BLCO is a GPU implementation of the Blocked Linearized CoOrdinate format for storing and processing sparse tensors. It performs key tensor decomposition operations along every mode (dimension) using a unified approach that works on a single tensor copy. The detailed algorithms are described in the following paper:
- Efficient, Out-of-Memory Sparse MTTKRP on Massively Parallel Architectures. Andy Nguyen, Ahmed E. Helal, Fabio Checconi, Jan Laukemann, Jesmin Jahan Tithi, Yongseok Soh, Teresa M. Ranadive, Fabrizio Petrini, Jeewhan Choi. In Proceedings of the ACM International Conference on Supercomputing (ICS), June 2022. doi:10.1145/3524059.3532363.
To compile the code, simply run make
in the root directory. This will create the cpd64
binary for running CANDECOMP/PARAFAC tensor decomposition (CPD) with a 64-bit BLCO mask.
By default, the Intel ICPC compiler is used.
The code currently requires either Intel MKL or OpenBlas available on the system, as well as CUDA libraries. See Settings for more configuration options.

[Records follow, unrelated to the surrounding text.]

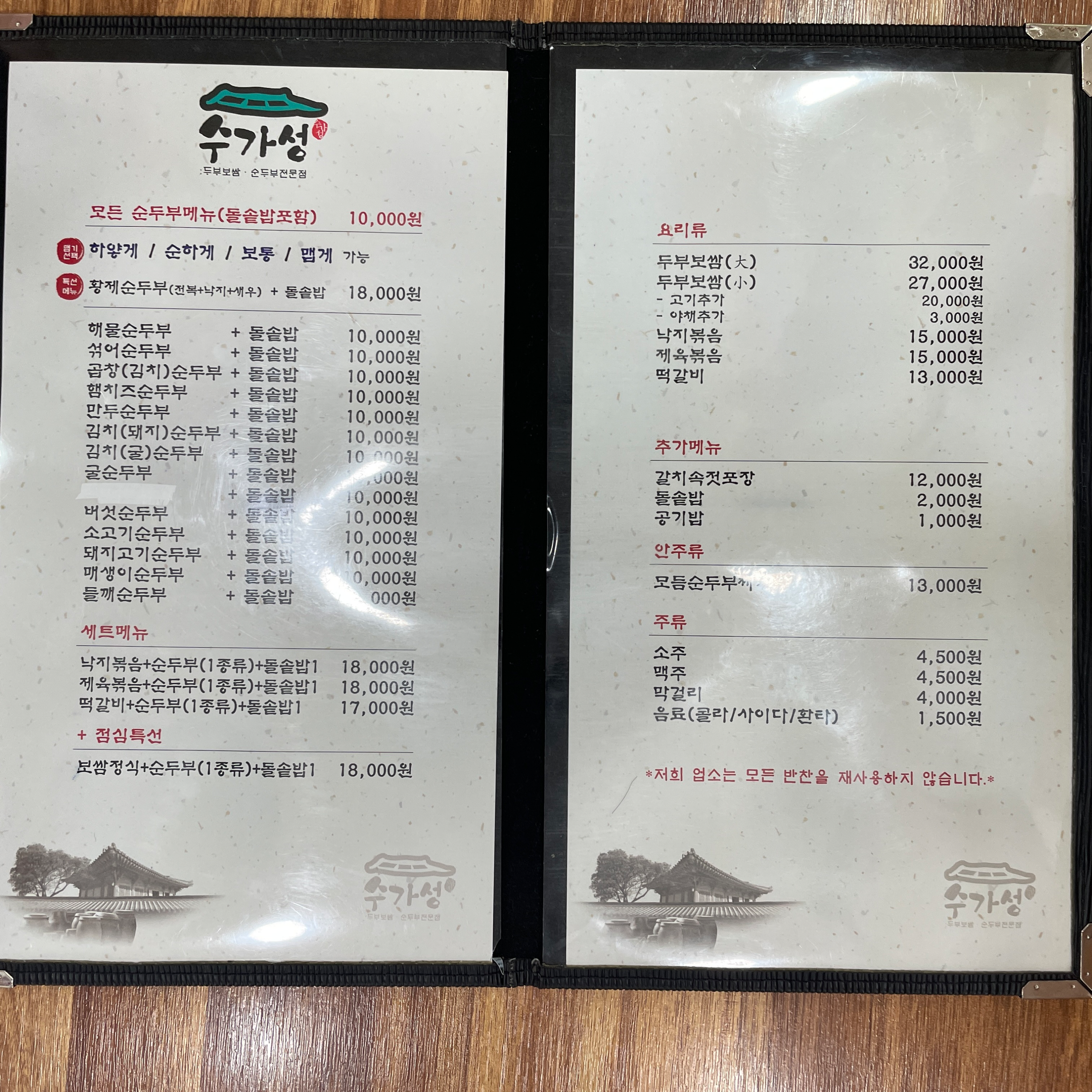 모든 순두부 메뉴가 1만원입니다.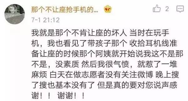 7月1日,該男子發(fā)微博稱,他原本收拾耳機(jī)準(zhǔn)備讓座的,這時大媽就開始說他這不是那不是,說得他很氣憤,就賭氣不讓了。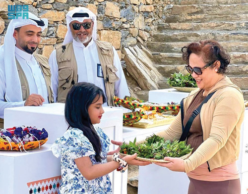 هيئة التراث تنفذ مبادرة استقبال ومعايدة زوار قرية ذي عين التراثية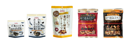 ④フードロス削減に向け、包材変更により賞味期限を延長してリニューアルした『おつまみスナッツ』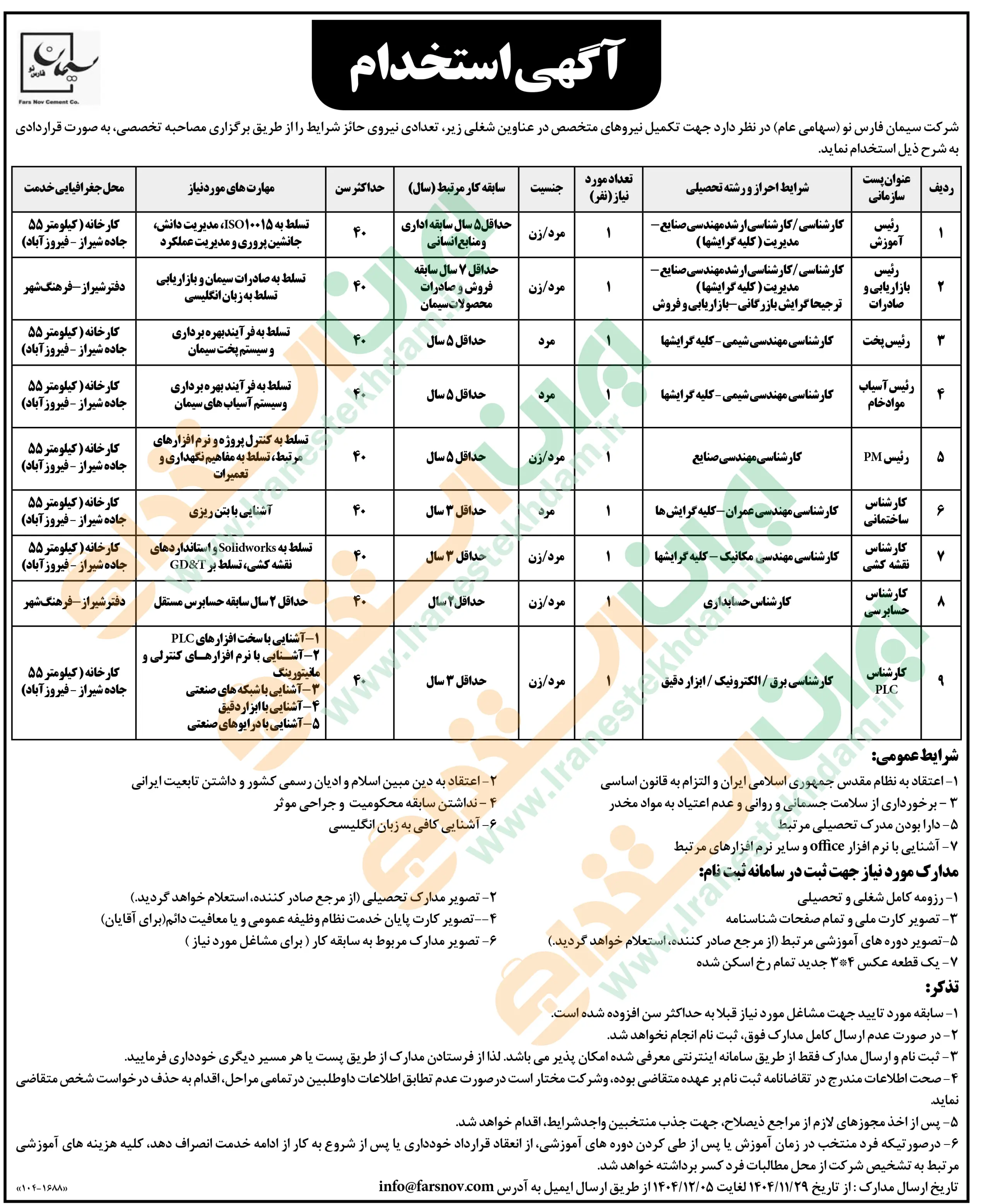 همچنین برای مشاهده صفحه نیازمندی های استخدامی استان فارس اینجا کلیک نمایید

You can perform CPD on a given tensor like this:
./cpd64 -k 10 --rank 16 -m 100 -i /path/to/tensor.tns
This runs CPD with a 64-bit ALTO mask, a rank-16 decomposition, using automatically selected GPU kernels, and a maximum number of 100 iterations (or until convergence).
For only running the matricized tensor times Khatri-Rao product (MTTKRP) use:
./cpd64 -k 10 --rank 16 -m 100 -i /path/to/tensor.tns -p -t 0
This executes 100 iterations of the MTTKRP operation (-p
) with a rank-16 decomposition on the target mode 0 (-t 0
), i.e., the first mode.
Make sure you allocate enough huge pages if you have activated the usage in config.mk.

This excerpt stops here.